Ben Scofield

Ben Scofield

… rarely updated

14 Feb 2024

Conceptual graphs as understanding

Students struggle more in classes where they have less background knowledge of the subject. Research to expand an area of knowledge is significantly harder than learning. Careful metaphors are powerful tools to guide someone building an understanding of a new domain.

All three of these phenomena can be partially-but-usefully explained with a single, straightforward model. Say understanding is a conceptual graph; individual concepts densely linked by clear relationships. Building understanding, then, consists of adding nodes and relationships to your personal graph for the domain.

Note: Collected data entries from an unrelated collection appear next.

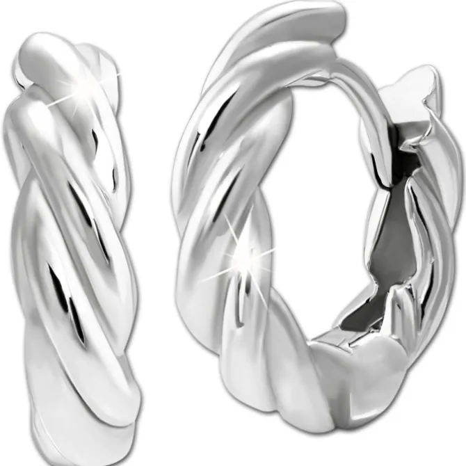 Ein Paar kleine Creolen Twist, geflochtene Ohrringe aus unserer einzigartigen SilberDream Schmuck Kollektion aus allergenfreiem 925 Sterling Silber. Die Ohrringe sind gut für den Alltag geeignet und lassen sich mit anderen Schmuckstücken gut kombinieren.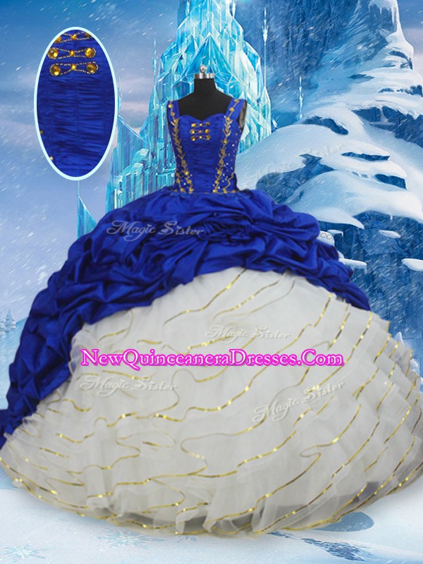 Ball Gowns Sleeveless Blue And White Quinceanera Gowns Brush Train Lace Up
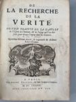 [MALEBRANCHE Nicolas]. De la recherche de la Vérité. Où l'on traitte de la nature de l'esprit de l'homme & de l'usage qu'il en doit faire pour éviter les erreurs dans les sciences. Paris, André Pralard, 1678 ; in-4, veau fauve de l'époque, dos à nerfs orné de motifs dorés.

In a class where you don’t have sufficient background knowledge, your graph is sparse. You’re introduced to new concepts, but you don’t have a structure in which to place them, or other concepts with which to link them. You’re effectively lobbing nodes into an empty space.

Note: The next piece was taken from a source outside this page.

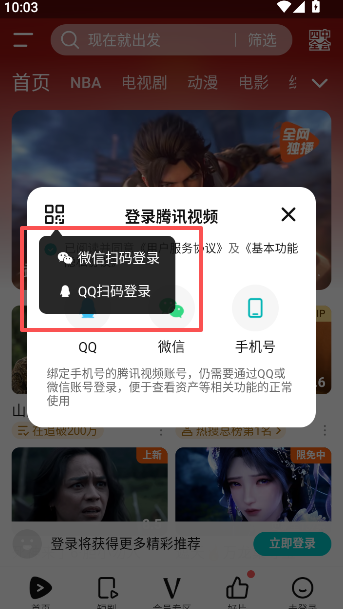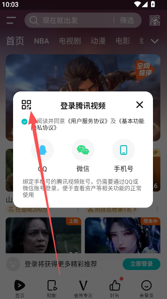 2、在登录腾讯视频页面点击上方的二维码选项。

When you’re doing research at the edge of a domain, you presumably have the background knowledge – but you’re trying to identify novel concepts, and you only have relationships coming from one angle. If learning is the process of filling-in a known network, you have the benefit of relationships coming from many directions to help you triangulate the concept. In research, you’ve only got potential connections coming from one side, the current body of knowledge.

Metaphors can be thought of as overlaying different conceptual networks. You have an incomplete graph for the domain you’re trying to learn, and you have a more developed one for the metaphor’s domain; if you can find touchpoints – nodes that show the same sorts of relationships in each graph – then that can help you learn the new domain by showing you where there might be new concepts beyond those you’ve already integrated.